Data block:

########

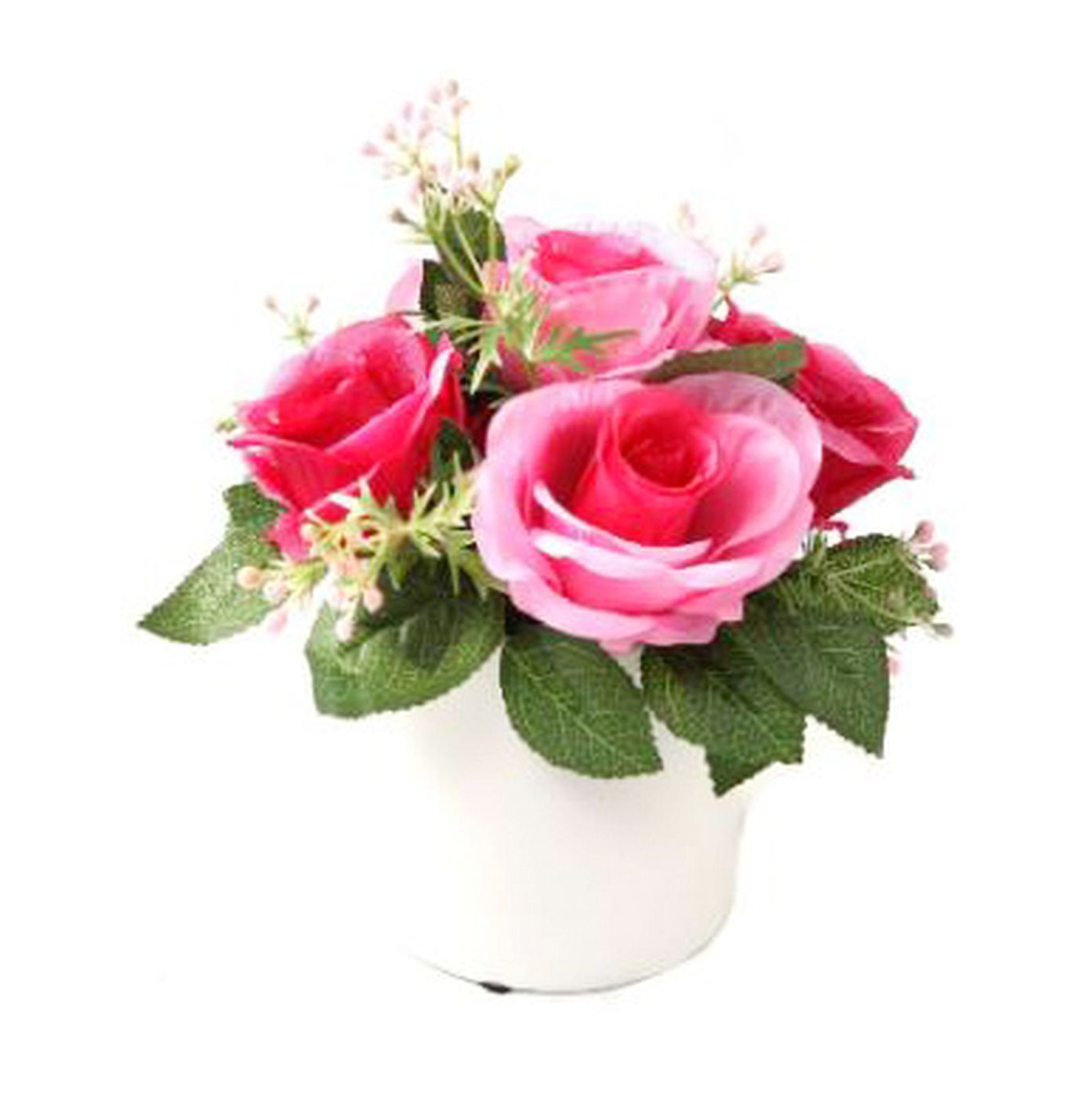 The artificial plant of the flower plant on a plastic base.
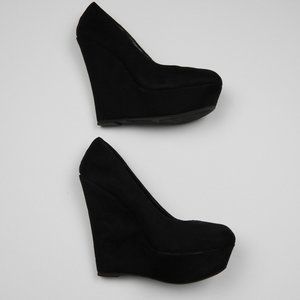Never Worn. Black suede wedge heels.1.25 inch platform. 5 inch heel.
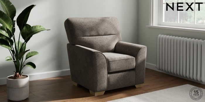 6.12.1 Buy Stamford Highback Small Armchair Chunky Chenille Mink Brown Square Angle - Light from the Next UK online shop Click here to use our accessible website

########

What to do: Word for word, give the listing above again, but drop any pictures.

Finished task:
 The artificial plant of the flower plant on a plastic base.
Never Worn. Black suede wedge heels.1.25 inch platform. 5 inch heel.
 6.12.1 Buy Stamford Highback Small Armchair Chunky Chenille Mink Brown Square Angle - Light from the Next UK online shop Click here to use our accessible website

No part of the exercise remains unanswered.